Feed everyday, but also house the tortoise correctly and feed the correct foods. Lettuce and rocket are not the correct foods. Your tortoise needs high fiber weeds and leaves. Here is a care sheet and some tips:
http://www.tortoiseforum.org/threads/russian-tortoise-care-sheet.80698/
http://www.tortoiseforum.org/threads/beginner-mistakes.45180/

Here are a few feeding suggestions:
Mulberry leaves
Grape vine leaves
Hibiscus leaves
African hibiscus leaves
Blue hibiscus leaves
Rose of Sharon leaves
Rose leaves
Geraniums
Gazanias
Lavatera
Pansies
Petunias
Hostas
Honeysuckle
Cape honeysuckle
Leaves and blooms from any squash plant, like pumpkin, cucumber, summer squash, etc...
Young spineless opuntia cactus pads

Weeds: 
There are soooooooo many...
Dandelion
Mallow
Filaree
Smooth Sow thistle
Prickly Sow thistle
Milk thistle
Goat head weed
Cats ear
Nettles
Trefoil
Wild onion
Wild mustard
Wild Garlic
Clovers
Broadleaf plantain
Narrow leaf plantain
Chick weed
Hawksbit
Hensbit
Hawksbeard

Other good stuff:
"Testudo Seed Mix" from http://www.tortoisesupply.com/SeedMixes
Pasture mixes or other seeds from http://www.groworganic.com/seeds.html
Homegrown alfalfa
Mazuri Tortoise Chow
ZooMed Grassland Tortoise Food


----------



## Reptilelove

When the tort is older, i think its 5/7 days but when a baby everyday


----------



## Yellow Turtle01

I feed my russian everyday (adult) and put a nice large handful of greens down. I will skip a day (once or twice a month) if he is feeling sleepy, had a large meal the day before, and he gets on just fine. I would cut back on that lettuce


----------



## lismar79

I feed everyday too. If she's hungry she eats ( most days) once in a while she will skip a day on her own but it is not because there is nothing there for her.


----------



## turtlemanfla88

I feed my tortoises and turtles every day . Babies and females twice a day. Tom did a great job on that list. I live in Florida so my animals stay outside a lot more than most states. My tortoises are a variety diet,but my russians do not graze on grass. They eat Opuntia (spinless prickly pear) 
Collards, turnips greens, and I raise native FLA black mulberry leaves and fruit are edible. I do cut my animals feedings down as it gets cooler, but just like everyone else on here you will get to know your animal in time. I keep really good notes and records on my animals in notebooks the old fashion way not on a computer.


----------



## mandy#2

I have two Russian Tortoises I got them on 1/12/15 one of them seems to be hungry more often then the other one. The male only wants to eat once a day but the other one I think is a female wants to eat twice a day at least.


----------



## turtlemanfla88

I keep my females by themselves and males are always housed individual once in awhile i put females with them.


----------



## Tom

mandy#2 said:


> I have two Russian Tortoises I got them on 1/12/15 one of them seems to be hungry more often then the other one. The male only wants to eat once a day but the other one I think is a female wants to eat twice a day at least.
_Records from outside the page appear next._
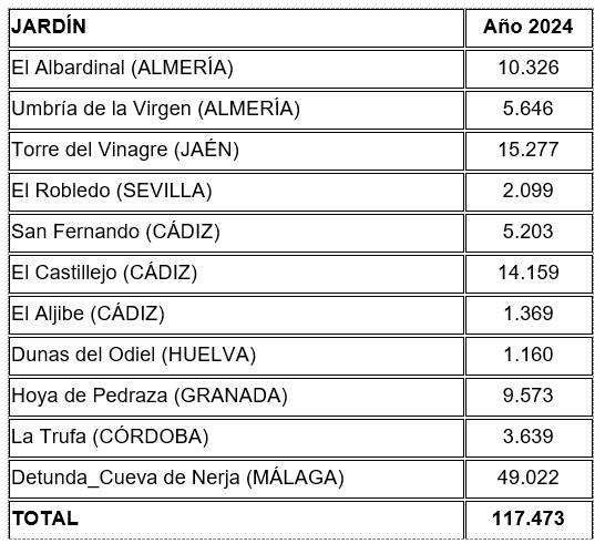 La Red Andaluza de Jardines Botánicos y Micológicos atrae a 117.400 visitantes en 2024
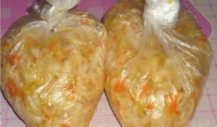 Натираем на крупной терке морковь и добавляем к капусте. Руками пережимаем капусту с морковью, чтобы появился сок. Сильно жать не нужно, достаточно несколько раз сжать капусту, чтобы она стала мягкая. Капусту с морковью перекладываем в самый обычный полиэтиленовый пакет (можно взять два). Добавляем соль, сахар и завязываем пакет. Трясем, чтобы сахар с солью равномерно распределились по капусте. Оставляем при комнатной температуре на 24 часа. При этом каждые 4-6 часов пакет нужно трясти, чтобы капуста перемешивалась. Затем убираем в холодильник на 2 -2,5 дня. И можно пробовать. Получается очень вкусная квашеная капуста - хрустящая, сочная, просто супер! Обязательно попробуйте, ведь это очень просто!
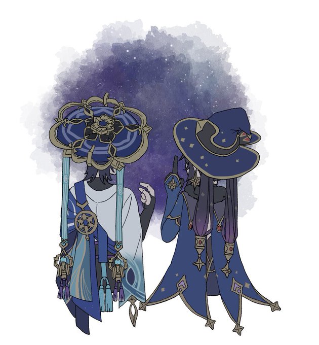 #ScaramonaWeek23 Day 3: Reincarnation AU I'm sure you can tell I struggled with what to do for this day. Aaahh well, as long as Scara and Mona are in it, who cares🤣 #scaramona #wandermona #genshin
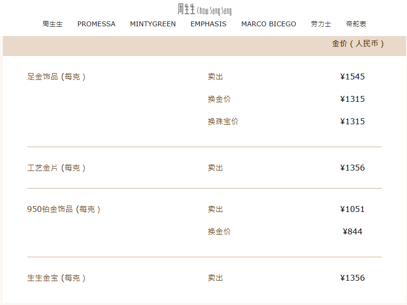 今日,黄金、白银价格继续刷新历史新高, 现货黄金向上触及4960美元/盎司。 与此同时,国内部分品牌金饰克价也有大幅上涨,创历史新高。 老凤祥上海会员中心小程序发布数据显示, 足金饰品报1538元/克,较1月22日上涨超40元/克 。 周生生官网发布数据显示,足金饰品报1545元/克,较1月22日上涨超50元/克 。 | | | 阿士士 (how Sang Sang | | | | --- | --- | --- | --- | --- | | 周生生 PROMESSA | MINTYGREEN | EMPHASIS | MARCO BICEGO | 劳力士 | | | | | | 金价(人民币) | | 足金饰品(每克) | | 卖出 | | ¥1545 | | | | 换金价 | | *1315 | | | | 换珠宝价 | | #1315 | | 工艺金片 (每克 ) | | 卖出 | | #1356 | | 950铂金饰品 (每克 ) | | 卖出 | | *1051 | | | | 换金价 | | ¥844 | | 生生金宝 (每克 ) | | 卖出 | | #1356 | 老庙黄金官网发布数据显示 ...
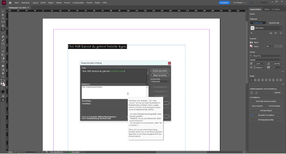 Im Duden-Korrektor CC 19 für Adobe InDesign und InCopy gibt es jetzt neuerdings Pop-up-Hilfetexte für Rechtschreibfehler.
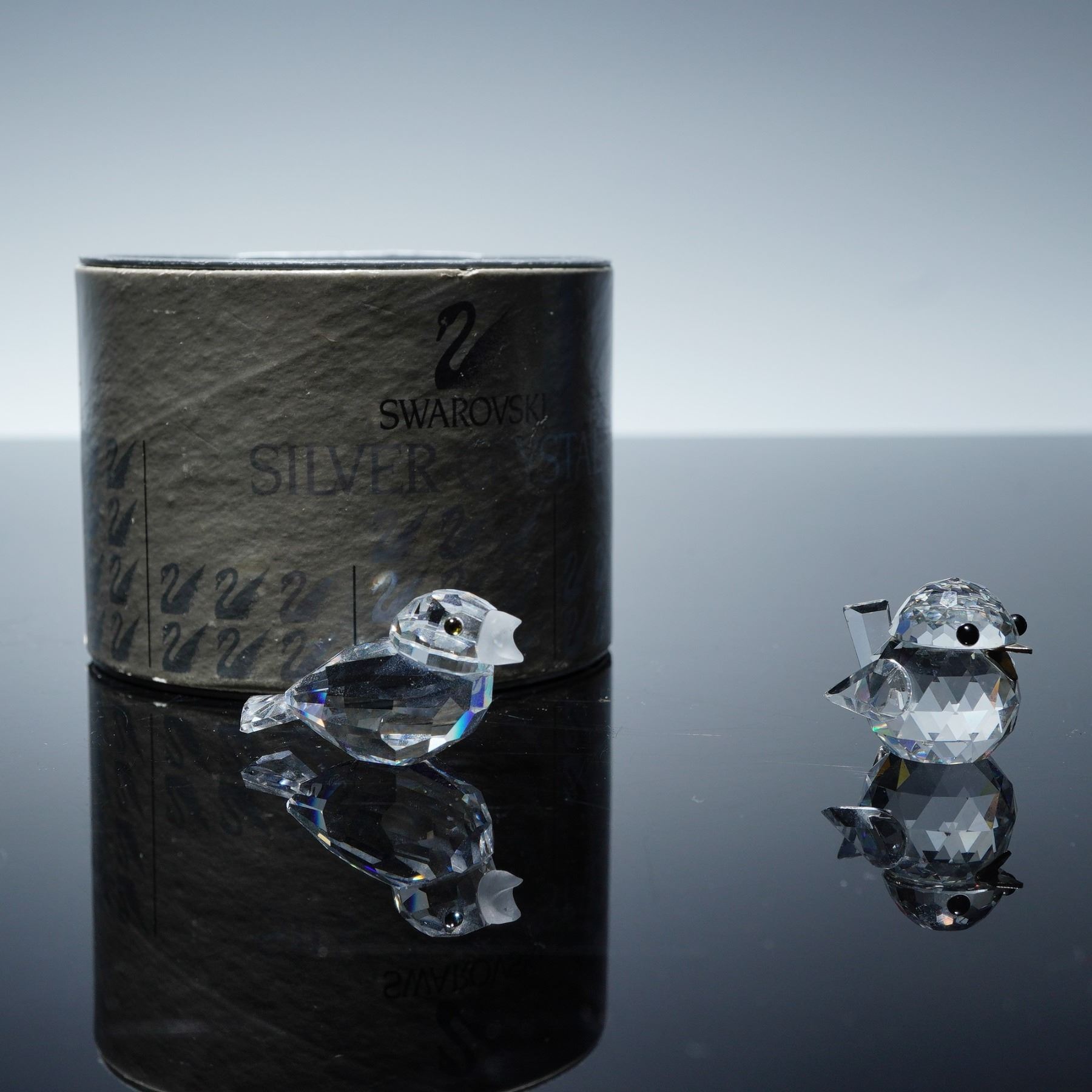 2pc Swarovski Crystal Figurines, Sparrows 169685 and 010017
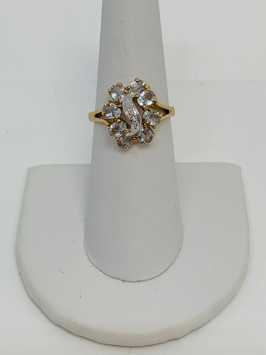 LOT 102: Aquamarine Size 7 Cluster Ring - 14K Gold  - 3.49 gtw
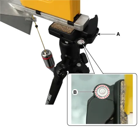 Remove the SCC Calibration Laser [SST No. : 09964-C1200] (B) from the tripod [SST No. : 09964-C1300] (A).
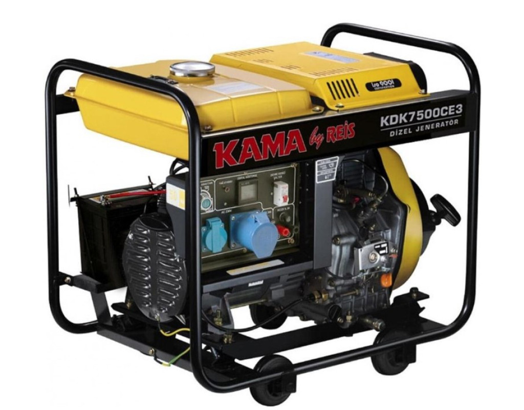 Генератор KAMA дизельный KDK7500CE3, 3-ф. 220/400V, 50Hz, 6.9kVA/5.5kW, 12.5 л, 1.5 л/ч, ручной/стартер (KDK7500CE3)
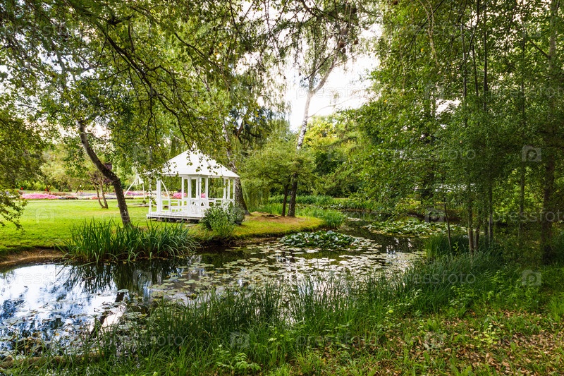 Живописный вид на городской парк с зелеными деревьями и прудом
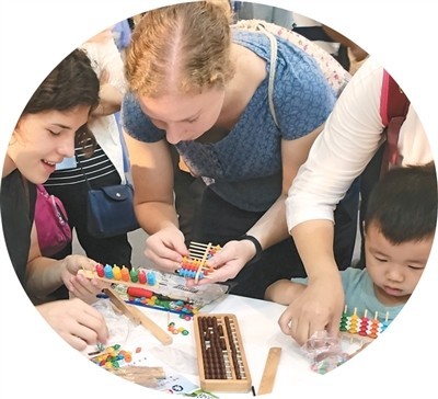 外国留学生在学习制作算盘。
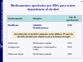 | Por muchos años el tratamiento del alcoholismo se basó en casi exclusivamente terapia conductual, se están haciendo esfuerzos, expandiéndose en los años recientes, para desarrollar medicamentos para desordenes del uso del alcohol. Tres agentes están aprobados por su uso en EUA y muchos otros países. Como sucede con medicamentos para enfermedades crónicas estos medicamentos han sido encontrados muy efectivos con algunos pacientes pero en otros no han respondido a ellos. |
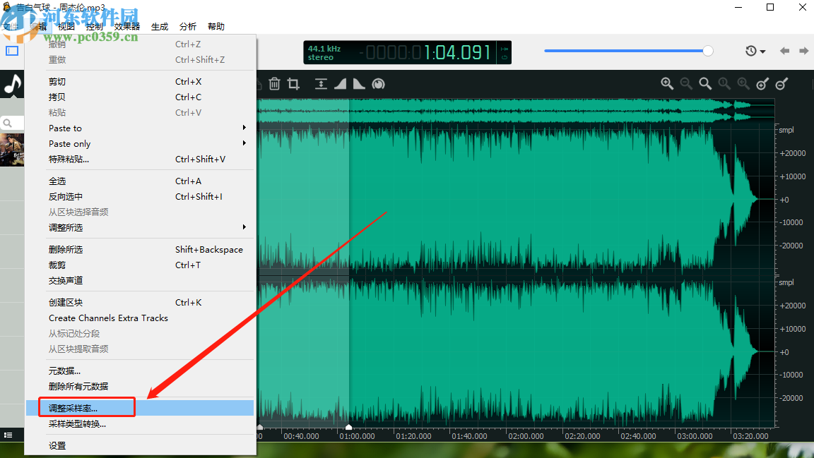 4.点击编辑功能之后下一步在出现的选项中我们就可以看到调整采样率这个功能选项了,接着需要点击这个调整采样率功能。
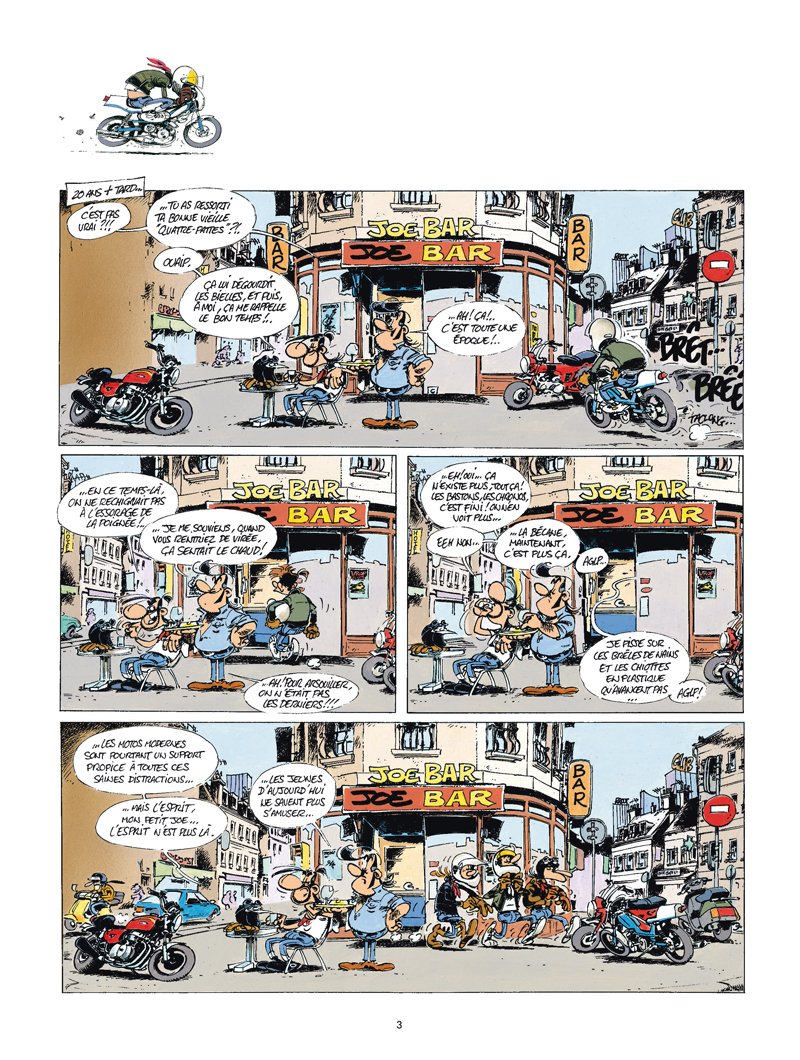 Ils sont 7 cinglés à moto prêts à tout. Champions des tours chronométrés du pâté de maison, ces rois de l'arsouille cumulent les gamelles. Quand ils ne sont pas sur leurs motos, on les retrouve au comptoir du Joe Bar en train de commenter leurs derniers exploits avec une mauvaise foi de rigueur ... Cette BD qui pétarade, sent l'huile bouillie et le radar cramé, est plus qu'un succès phénoménal. Tous les motards en herbe se sont réveillés à la lecture de ces gags pour, à l'unisson, chanter la gloire du Joe Bar Team... refrain repris en coeur par les lecteurs de BD du monde entier.

Are they housed together in the same enclosure? If yes, this could be your problem. They should not be housed in pairs. Chronic stress and fear can be big appetite and immune system suppressors.


----------



## dmmj

I've never understood people who regularly skip days. Feed your tortoise everyday, if it is young then twice a day.


----------



## mandy#2

I'm not going be someone who skips a day or so. I feed my tortoises daily and will continue to do so.


----------



## mandy#2

Tom said:


> Are they housed together in the same enclosure? If yes, this could be your problem. They should not be housed in pairs. Chronic stress and fear can be big appetite and immune system suppressors.


Yes they are housed together for now. 1 female and 1 male.


----------



## Tom

mandy#2 said:


> Yes they are housed together for now. 1 female and 1 male.



They would both be much happier and healthier if they had separate enclosures.


----------



## mandy#2

Their current cohabitation is only temporary. Thanks for the advice


----------



## turtlemanfla88

If your tortoise eats to much and becomes overweight and does not exercise enough cut down on the feedings. I hate when someone shows an animal so fat it can not with drawn into its shell and thinks that is ok. 
Male Russians especially can not just stress out the female then can kill them with constantly trying to breed. Also, that breed to small can become egg bound and die. My girls are not put to breed until they are 6-7".i have one that is close to 8". Also, I do not cut up greens for my animals because they do 
Find cut up greens in nature. What are you feeding them?.


----------



## mandy#2

Do you happen to know how much they should grow in a month's time?


----------



## Tom

mandy#2 said:


> Do you happen to know how much they should grow in a month's time?



This is highly variable and depends on many factors. I am raising 20 of them right now and some of them are growing like weeds, while others hardly grow at all. This is on the same diet and in the same enclosures.


----------



## Yvonne G

My Russian tortoises live here. I don't feed them:


----------



## Tom

Yvonne G said:


> My Russian tortoises live here. I don't feed them:
> 
> View attachment 118945




You don't _feed_ them? Heck, I bet you don't even _see_ them!!! 

Seriously though, are yours up and about yet?


----------



## Yvonne G

I felt bad putting them out there from hibernation because there's only a very small strip right next to the fence where they can actually get some sun to warm up. Yes. They woke up about a week ago and I kept them in their sleeping quarters because I wasn't sure of the weather. But finally decided they should go eat that wonderful bounty before it starts to dry up. I probably should have knocked it down a bit with the WeedEater before putting the tortoises out there.


----------



## shelley11

I give my tort an unlimited amount of weeds because they are not stupid and know when to stop eating and in the wild they would be eating as much as they please so in captivity why do people stop them from being natural whether they are a baby or an adult!!


----------



## dmmj

That looks like a pretty nice enclosure, maybe a bit more sun, but russians are not as big sun worshippers as sulcatas, and deserts are.


----------